You’ll want to use something trusted like Ollama to run the model. The model its...

mewpmewp2 · 2025-01-28T11:13:40 1738062820

If used as an agent, given access to execute code, search web, use other form of tools, it could do potentially much more. And most productive usecases require access to such tools. If you want to automate things and get most of the modeel, you will have to give it ability to use tools.

E.g. it could have been trained to launch a delayed attack if context indicates it has access to execute code and given certain conditions, e.g. date, or other type of codeword that is input to it.

So if a malicious actor gets to a certain stage with an LLM where they are confident it will be able to reliably run this attack, all they have to do is open source it, wait for enough adoption and then use some of those methods to launch such attack. No one would be able to identify it since the weights are unreadable, but really somewhere in the weights this attack is just hiding and waiting to happen given correct pathway triggered.

pitched · 2025-01-28T11:25:36 1738063536

A delayed attack is a bit of a stretch because that’s a stateful thing but a reminder of the Ken Thompson hack does feel very relevant.

mewpmewp2 · 2025-01-28T11:38:54 1738064334

But if it's specifically trained to react to a date in its context, it seems very doable. Or to a combination of otherwise seemingly innocent words or even a statement or topic. E.g. a malicious actor could make some certain notion go viral and agentic LLMs integrated with news headlines might react to that.

It seems like it would be very arbitrary to train it to behave like this.

Most agentic systems would provide a date in the prompt context.

For simplicity sake imagine a scenario like:

1. China develops LLM that is by far ahead of its competitors. Decides to attribute it to a small start up, lets them open source it. The LLM is specifically designed to be very efficient as being an agent.

2. Agentic usage starts to get more and more popular.

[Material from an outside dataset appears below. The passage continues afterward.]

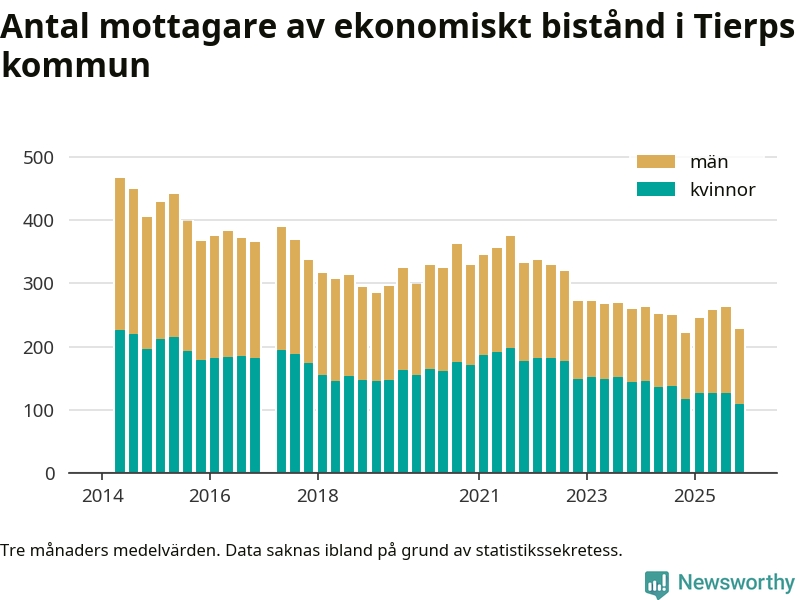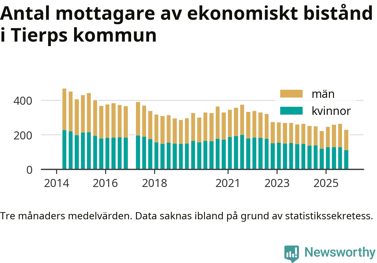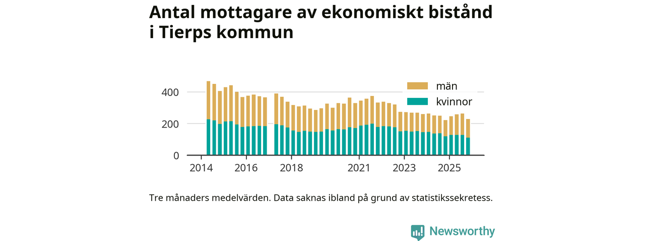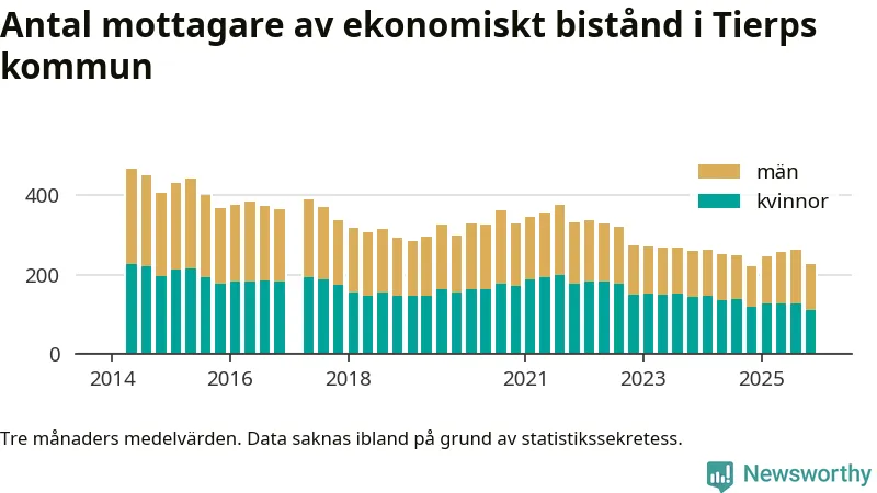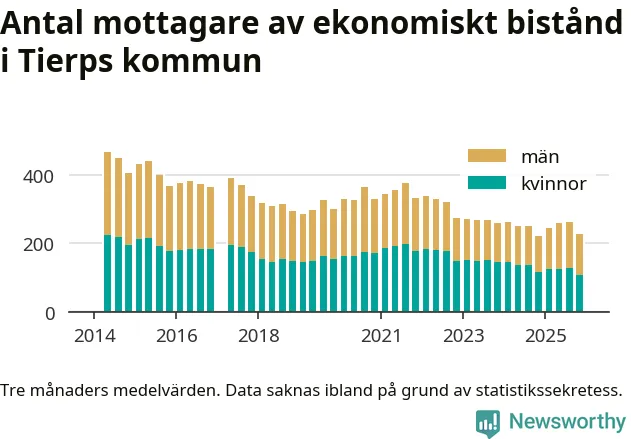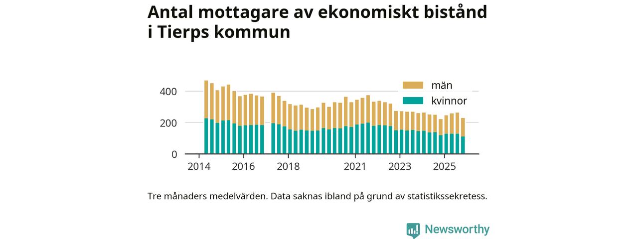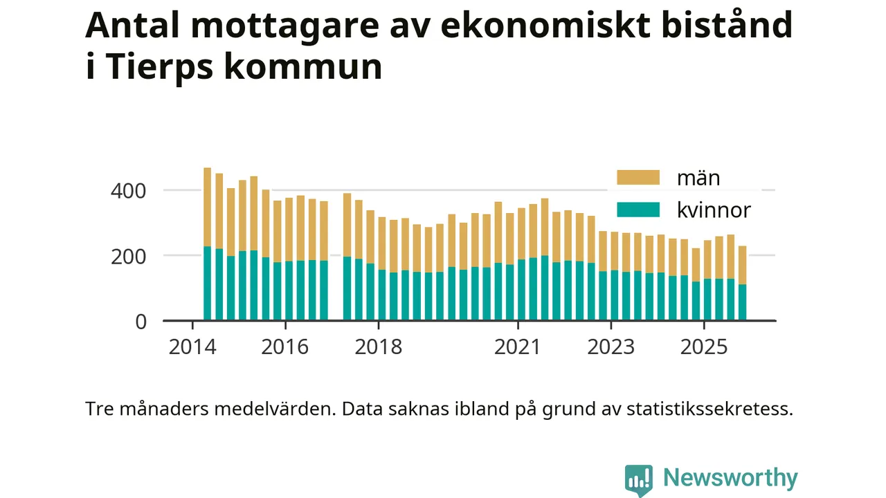 I genomsnitt 227 personer per månad fick ekonomiskt bistånd i Tierps kommun

It's very standard to have current todays' date and major news headlines given to the context.

3. The LLM was trained to given a certain range of date and certain headlines being provided in its context to execute a pre-trained snippet of code. For example China imposing a certain type of tariff (maybe I lack imagination here, and there can be something much more subtle).

4. At that point the agentic system will attempt to fish all data it can from all sources it's being ran within.

Now maybe it's not very practical, and it's extremely risky with current state of the LLMs. I don't think it's happening right now. And China has a lot of other tech available to it already that they could do much more harm (phones, robot vacuums), but I think there's still at least potential attack vectors like this and especially if the LLM became very reliable.

sunshine-o · 2025-01-28T14:45:56 1738075556

> And China has a lot of other tech available to it already that they could do much more harm (phones, robot vacuums)

True. But here it is more about the computing power they would be able to access.

If only Bitcoin or Ethereum were stilled mined using GPU, that would be a great cryptojacking opportunity

sunshine-o · 2025-01-28T14:24:50 1738074290

Ok, but I am really curious about this and maybe my mental model is wrong:

- llama.cpp or ollama can be seen as runtime systems,

- there is no security model regarding the execution documented in both of those projects,

- of course the models are just data but so are most things that have been used as an attack vector on computers. For example your web browser or image viewer have a lot of countermeasures to protect the system from malicious image files.

I am surprised that security of operating systems, programming languages, VMs or web browsers have been a focus point forever but nobody seems to really care about security when executing those LLMs.